Darn. Twas all going fine. Except that. Today I went to my gym and was using a machine when I noticed a small white device that I hadn’t seen before on the wall. I thought it was monitoring me but was afraid to do anything.
I eventually left but I figured that if I fought it, it would some how harm me. It terrified me and makes me afraid that it is waiting for me next time I go. However, I am still going to go.
Later on, I still get chills thinking about it but realize it was ridiculous. Is realizing it was not true after a form of recovery?
Has anyone gotten to the point where they can realize it is false in the moment?
Glad you are still going to go back, wish I could say that in the moment of those times, I know it is false, but that would be a false statement. The past few months I am like you where things have been terrifying, but I can’t shake the beliefs…tomorrow, I finally see the psychiatrist and hopefully get a prescription. Hang in there though, and don’t let it defeat you or stop you from doing what you enjoy!
Yes I think this is an indication of recovery. If you didn’t realise something like the white box monitoring you isn’t real, and you never went back to the gym, then you wouldn’t be able to say you are on the road to recovery. But you did, so you must be! Well done!
Will you go back to the gym?
I understand ive been getting similar ■■■■…i
Not saying you should but ive been combating it with valums…or a half a loratab…all prescribed but i cant fight it without…i hope you can…
Thank you! I will go back. I might have to bring a friend next time but will,certainly go back.
Then I think you have chosen the recovery fork in the road.

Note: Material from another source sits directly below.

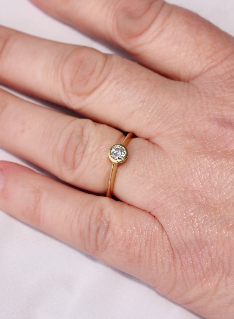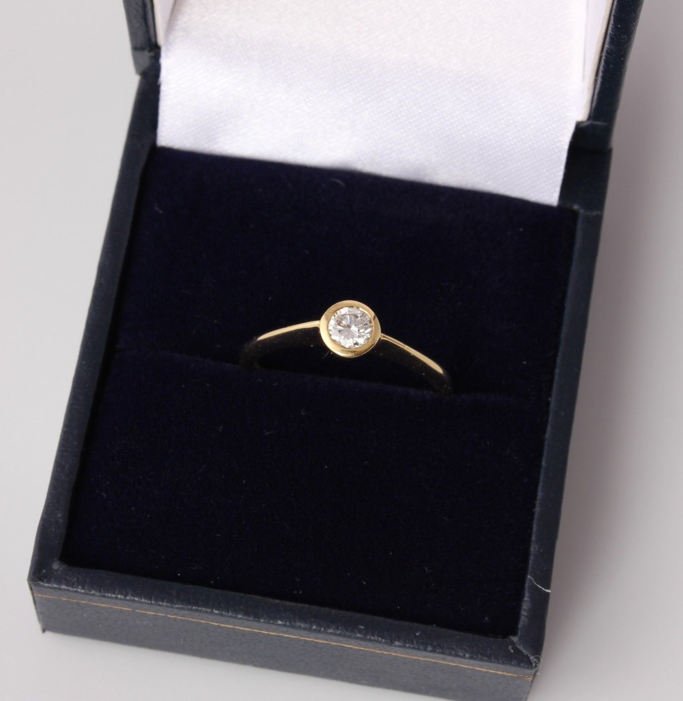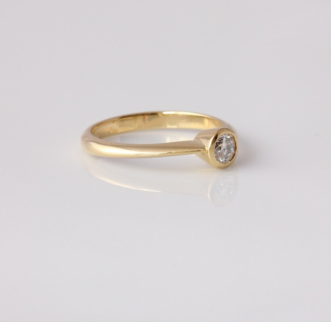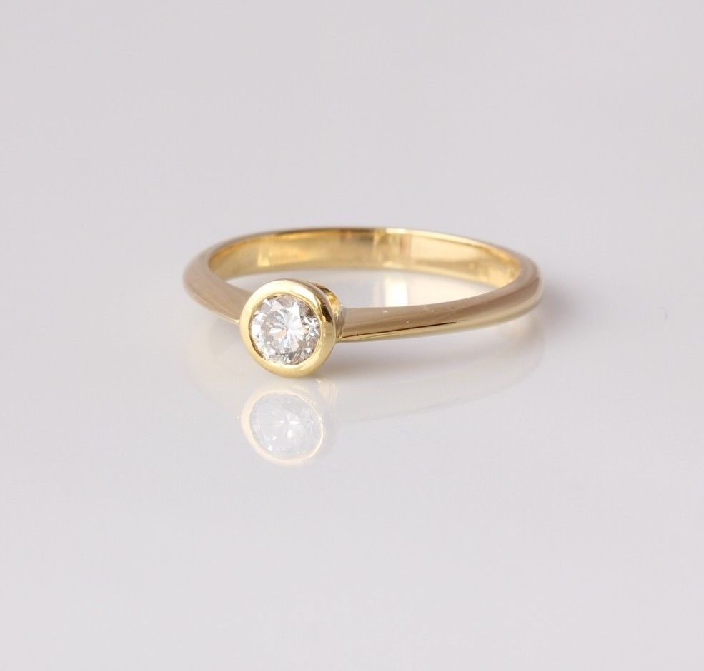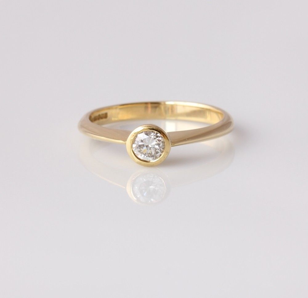 This beautiful solitaire ring is crafted in 18ct yellow gold with a rub-over mount and is set with a brilliant-cut natural diamond collet of 0.25 ct which is sparkly, bright and lively. This lovely ring would make a really great Engagement ring or gift.

I get sudden paranoia attacks about various things but I have a difficult time recognising it is paranoia. My psychiatrist identifies that it’s paranoia but I don’t. (I’m travelling down the opposite fork in the road).
I recommend that next time you go that you take a good look at that new machine. Maybe even ask an employee how to use it? It may not take all your concern away, but maybe give you an answer when your mind tells you the machine is monitoring you. I think it’s awesome that you know you were being paranoid, and that it won’t stop you from going back!
Sometimes I don’t recognize it, but I think we can train our minds to see it as false.
Yeah, I’ll be driving along and something will surprise me and then I start worrying about the car breaking down which is ludicrous because my car is in excellent condition. So, yeah, I’m aware it’s all in my head, even know the worry comes from being in a car accident years ago. But it’s hard to get my heart to stop beating fast. I take deep breaths and try to smile at myself.